There is no explicit solution to these differential equations in most settings.

Kinetic energy

The most popular choice of kinetic energy is the Gaussian, \[\begin{align*} K(\boldsymbol{s}) = \frac{1}{2} \boldsymbol{s}^\top \mathbf{M}^{-1}\boldsymbol{s} \end{align*}\] the negative of a mean zero log Gaussian density with positive-definite covariance matrix \(\mathbf{M}.\)

Typically, we take \(\mathbf{M}=\mathrm{diag}\{m_1, \ldots, m_d\}\) diagonal, or else proportional \(\mathbf{M} = m \mathbf{I}_d\).

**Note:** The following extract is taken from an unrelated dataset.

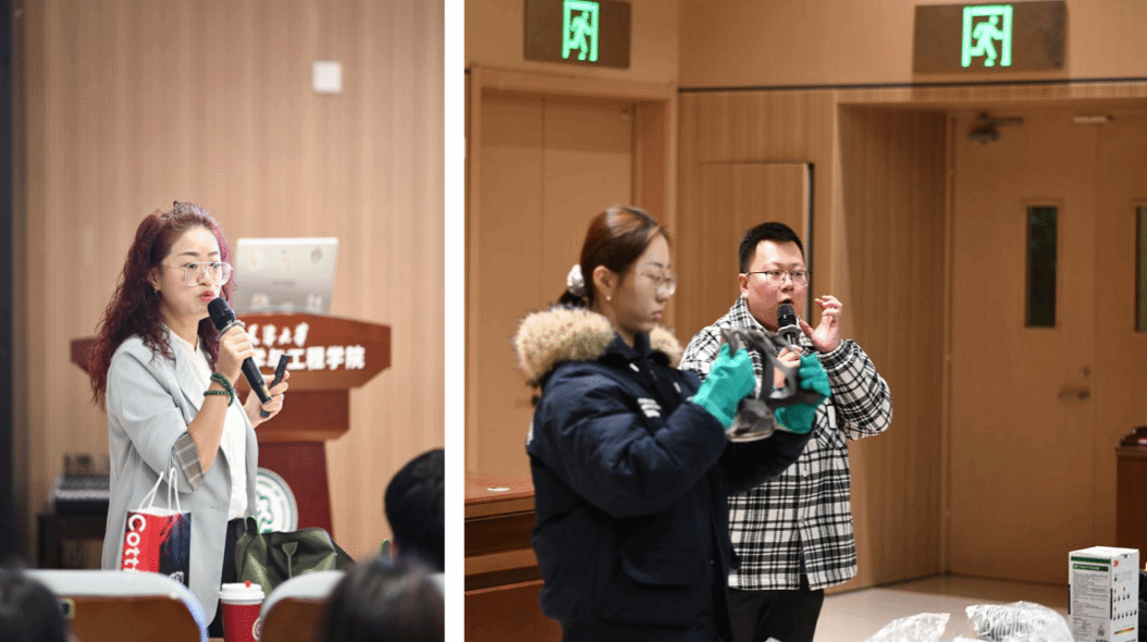 在交流互动环节,资产处把讲台变为“防护装备展示台”,现场依次展示防护手套、防腐蚀服、过滤式呼吸面罩、护目镜等十余种常用装备,并逐一示范正确佩戴与检查要点,为同学们带来一堂沉浸式的“安全穿戴必修课”。

Properties of Hamiltonian dynamics

The mapping \(T_s\) from time \(t\) at \((\boldsymbol{\theta}(t), \boldsymbol{s}(t))\) to time \(t + \varepsilon\), \((\boldsymbol{\theta}(t + \varepsilon), \boldsymbol{s}(t + \varepsilon))\) satisfies the following properties:

  • Reversible: MCMC will thus preserve the invariant target distribution
  • Conservation of energy: proposals from Hamiltonian dynamics would lead to acceptance probability of 1.
  • Symplecticness/volume preserving: the Jacobian of \(T_s\) is one — no need to calculate it.

A necessary discretization step

There is no explicit solution to the Hamiltonian differential equation. We must move away from continuous time…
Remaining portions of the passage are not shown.